“Teachers change students’ lives, they’ll tell you, when you begin your teaching career. What they often don’t tell you, is each of your students with change your life in ways you’ve never imagined possible. I taught high school writing for eight years, and I can honestly say ‘my kids’ saved my life.
When I was twenty-seven, during my third year teaching, I had a severe adverse reaction to a medication, the antibiotic Cipro, which caused me to experience central and peripheral nervous system damage, tendon damage, muscle wasting, and other issues. I had to take a leave from my job, which broke my heart, but I had to relearn to walk, to cut my own food, to wash my own hair – there was no other option. Immediately, the emails and cards started pouring in from my kids. I was determined I would make it back to them.
After three months, I was able to return and teach one single class. Someone had to help me carry my things, I had to go right back to bed afterward, but that one hour each day was the highlight of my life. No matter what pain or difficulty or frustration I felt, being around my students made getting out of bed worth it. They gave me hope and purpose and joy.
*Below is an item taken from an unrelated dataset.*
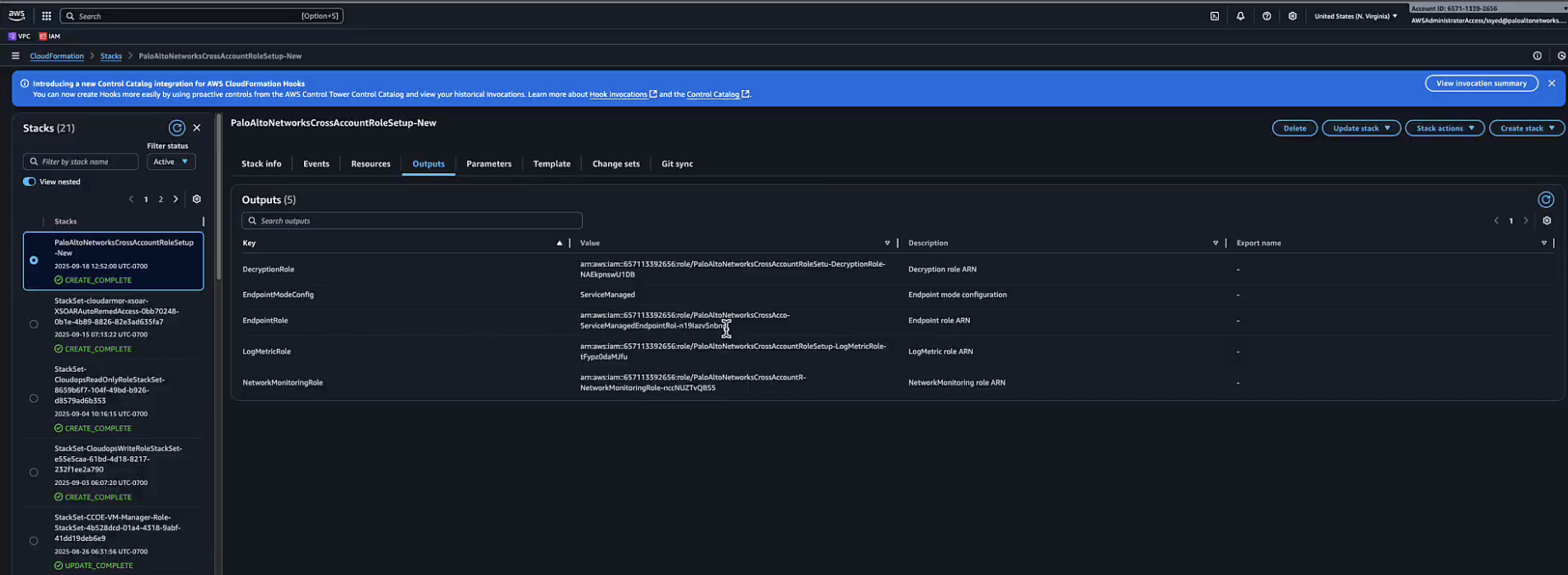 - The Outputs tab contains key information needed to complete the onboarding, such as the EndpointRoleARN, LoggingMetric Role, and Deployment Role.

They were my ‘why.’
Slowly, over the next two years, I worked my way up to teaching full time, having created new courses from scratch including my dream of a Creative Writing course for seniors. By the time the students who were my sophomores the year I returned from being sick were seniors, I was teaching a different elective every trimester, and so many of them opted to take all three of my classes to spend their whole senior year with me. When I saw my class rosters, I cried. I would now have the opportunity, the time, the energy, and the newly-created course material to really serve and inspire the kids who had watched me disappear into darkness, who had sent me get well cards, who had witnessed me have to sit through their whole classes rather than stand, who had been compassionate witnesses to my healing and who had been patient with my limitations.
While I had regained much of my health, I still had chronic migraines. My students were incredible. One day, on day two of a headache, I walked into class, turned on the lights and winced. One boy, without saying a word, walked over to me, pulled a pair of sunglasses out of his pocket and handed them to me wordlessly. That right there? That’s love. Moments of compassion like that one is all it takes to change a life.
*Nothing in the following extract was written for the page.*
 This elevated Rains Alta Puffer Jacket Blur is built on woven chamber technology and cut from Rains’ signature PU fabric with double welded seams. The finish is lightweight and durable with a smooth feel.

When these students were about to graduate, my heart ached in a way I had never quite experienced. Over the course of the year, in their journals for my classes, students had come out as LGBTQ, had shared their dreams, their deepest fears, their memories with me. They had written poetry, read their own poetry out loud, seen each other cry, laugh, and take immense risks. They had grown, and they had changed my heart forever.
Since this time, I have dealt with a severe concussion and a long recovery, a divorce, and beginning my life anew, from scratch, all over again. Yet something that has not changed? I still hear from many of these ‘kids’ regularly. Not a week goes by that I don’t talk to at least two of them via text or social media. They are woven into the fabric of my life, and I am immeasurably grateful. The love and respect we have for each other is a constant in an ever-changing world.
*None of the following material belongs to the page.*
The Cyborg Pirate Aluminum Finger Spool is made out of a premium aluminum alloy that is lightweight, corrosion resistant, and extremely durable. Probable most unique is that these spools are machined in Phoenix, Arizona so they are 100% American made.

I am now taking a break from teaching to pursue my MFA in Creative Nonfiction, and a recent assignment asked us to imagine what we would say to a group of seniors before they graduated and entered the world. I didn’t have to imagine. I immediately saw each face of each student I’d ever had the privilege of teaching over those eight years, and I considered advice I’d given them during long talks, what I’d written to them in their journals, what I hope they took away from their time with me, and what I wish I could have said to them but maybe never expressly did.
These ten pieces of advice are the culmination of all of that, given with love to them, and to you, whoever you might be – we are all always on the cusp of graduating from something, often at the beginnings of new chapters. I humbly offer this advice to you, too.
1: Find a poem that speaks to you. It exists. It’s out there. And when you find it, repeat it to yourself. Write it everywhere – the back of a paper menu, the corner of a chalkboard, the top of your grocery list. Let the words remind you, someone somewhere out there owns a heart like yours.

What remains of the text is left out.